Presented by Fathom Events and The Rudy Project, "GODSPEED - The Race Across America," chronicles the harrowing journey of ultra-cyclist/sportscaster Jerry Schemmel, who joins forces with an IronMan triathlete/CEO, Brad Cooper, in the world's most grueling endurance bicycle race - The Race Across America (RAAM). The inspiring documentary of faith and determination comes to U.S. cinemas for one special night on Tuesday, May 22, at 7:00 p.m. local time. Tickets can be purchased online by visiting www.FathomEvents.com or at participating theater box offices. For more information, visit www.godspeedcycling.com.
HALLELS: Thanks Jerry for doing this interview with us. For some of our readers who may not know, you re-defined heroism with what happened with the crash of United DC-10 in 1989. Briefly tell us what happened then.
JERRY: I was on United Airlines flight 232, originating in Denver and bound for Chicago. About halfway into the flight, the number two engine in this DC-10 exploded and caused severe damage to the aircraft. We tried an emergency landing in Sioux City Iowa, but with so little control of the plane by the cockpit crew, we hit at 255 mph, slid, then rolled over. One hundred twelve people of the 296 on board were killed. Nearly everybody around me died in the tragedy. I was able to eventually get outside the wreckage, and then heard a baby crying back inside. I instinctively went back in and grabbed an 11-month-old girl. Amazingly, her whole family, with two brothers and her parents, all survived the crash.
HALLELS: Recently, you have also embarked on another heroic task by participating in a cycling race that is now documented on film. Tell us more about this race -- how long was it and what are some of the areas you covered?
JERRY: The Race Across America is a pretty epic bike race. It's been cold "the world's toughest bicycle race." And, we found that out! It's a set course that is 3,000 miles from Oceanside, California to Annapolis, Maryland. It covers 12 states, 175,000 feet of elevation gain, all kinds of terrain, and potentially crazy weather!
HALLELS: What inspired you to be part of this race?
JERRY: Many years ago, I did a couple rides on my bike across America. Nothing like this, however. I took a month out of my schedule in the summer and rode coast to coast for a couple different Denver charities. But, it was at my own pace with hotel rooms and dinner out every night. It made me think about the idea of racing my bike across the country. I researched and found RAAM and thought it would be an incredible adventure. So, I found the perfect race partner, Brad Cooper, whom I've known for a long time, and we decided to do this crazy thing together, and as a fundraiser for an orphanage in Haiti.
HALLELS: This cycling race is for a good cause to help orphans. Tell us more about this.
JERRY: My wife, two kids, and I visited Haiti in January 2014. We went with a group that operates an orphanage and a school there. That event really changed our lives. When we came back, we wanted to do something to help that country, especially its special needs kids. So, I thought a bike race would be a great way to do that.
HALLELS: How did you prepare for this race emotionally as well as physically?
JERRY: Being that the race was in the middle of the summer, and in the middle of the baseball season, training was a real challenge for me.
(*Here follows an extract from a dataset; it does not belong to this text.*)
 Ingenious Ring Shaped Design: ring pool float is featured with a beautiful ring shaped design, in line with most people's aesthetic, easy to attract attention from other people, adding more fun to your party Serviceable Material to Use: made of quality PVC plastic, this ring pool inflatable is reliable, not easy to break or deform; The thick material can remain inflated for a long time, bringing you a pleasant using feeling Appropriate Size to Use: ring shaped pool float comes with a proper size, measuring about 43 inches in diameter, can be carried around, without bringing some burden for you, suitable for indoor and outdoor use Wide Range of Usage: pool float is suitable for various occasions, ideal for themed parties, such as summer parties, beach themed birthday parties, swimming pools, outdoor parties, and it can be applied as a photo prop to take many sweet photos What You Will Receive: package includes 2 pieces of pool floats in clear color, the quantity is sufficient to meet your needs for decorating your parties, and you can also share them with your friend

The Rockies play almost every day so there was not a great deal of extra time to be on a bicycle. But, I tried to get as many miles in as I possibly could. I also tried to anticipate all the potential challenges and obstacles. Many of them played out just like I thought they would. But the planning and thinking through really paid off. I felt like I was as ready as I could be for the race and its challenges, because of my preparation, both mentally and physically.
HALLELS: What were some of your greatest challenges on this race?
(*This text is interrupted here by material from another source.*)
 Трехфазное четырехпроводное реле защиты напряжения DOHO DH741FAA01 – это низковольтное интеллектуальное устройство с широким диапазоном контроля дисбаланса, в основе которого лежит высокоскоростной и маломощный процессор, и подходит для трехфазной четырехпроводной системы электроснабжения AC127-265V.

JERRY: The biggest challenge for me was overcoming severe sleep deprivation. I knew it would be a big factor, but I underestimated it. The longer pulls we each did at night really got to me. I simply could not stay awake on the bicycle. Trying to do so, I had hallucinations and nearly crashed a couple times. The other great challenge, as it turned out, was the weather. The very first day we hit 120° F in the Mojave Desert. Then, later in the race, it started raining and literally did not stop for three days. We went through a couple nasty thunderstorms and just rode through rain, day and night, for the last three days. Another challenge was simply getting out of the car and getting on the bike when it was the last thing you wanted to do. With your body screaming for sleep and rest, it was a challenge, sometimes, to just start pedaling again.
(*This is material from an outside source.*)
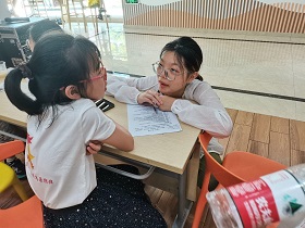 留校实践团成员和“小候鸟”们围坐在一起,队员们根据采访问题,与“小候鸟”进行了亲密的沟通交流,并详细地记录了采访的内容。有些小朋友们在最开始进行交流时还有些腼腆害羞,不敢表达,但在队员们的耐心引导下,还是渐渐敞开了心扉,愿意跟队员们表达心里的一些想法。队员们在采访的同时,也同小朋友们分享自己的童年趣事,拉近与小朋友之间的距离,调节采访的氛围,让现场充满了欢声笑语。通过跟“小候鸟”的沟通交流,队员们感受到了他们对生活的热情,对父母的关心与爱;同时,也惊叹于他们的乖巧勤劳。他们有时候揣着心事却无人分享,父母无法常常陪伴在身侧,但他们对父母是体谅的,是理解的。暑期对于“小候鸟”们来说是非常珍贵的一段时间,他们热烈地渴望着父母的陪伴。除此之外,根据队员们的了解,“小候鸟”们有着较好的饮食习惯,挑食的习惯不常见,注重摄入牛奶、果蔬。

HALLELS: All of this is captured in the film GODSPEED. How can our readers be inspired and encouraged by this documentary?
JERRY: I think when someone watches the film, they will see that RAAM is a great metaphor for life. Life can be an enormously rewarding adventure, if we seize it! With that adventure, there are challenges and obstacles and valleys. But, with passion, endurance, and perseverance, we can achieve that dream. And, the person that we can become, at the other end, can be absolutely amazing.
HALLELS: You have been known for taking some big heroic tasks, anything planned next?
JERRY: I would like to someday do RAAM as a solo racer someday. Solo racers have to finish in 12 days to qualify. It would be and incredible challenge, but incredibly rewarding!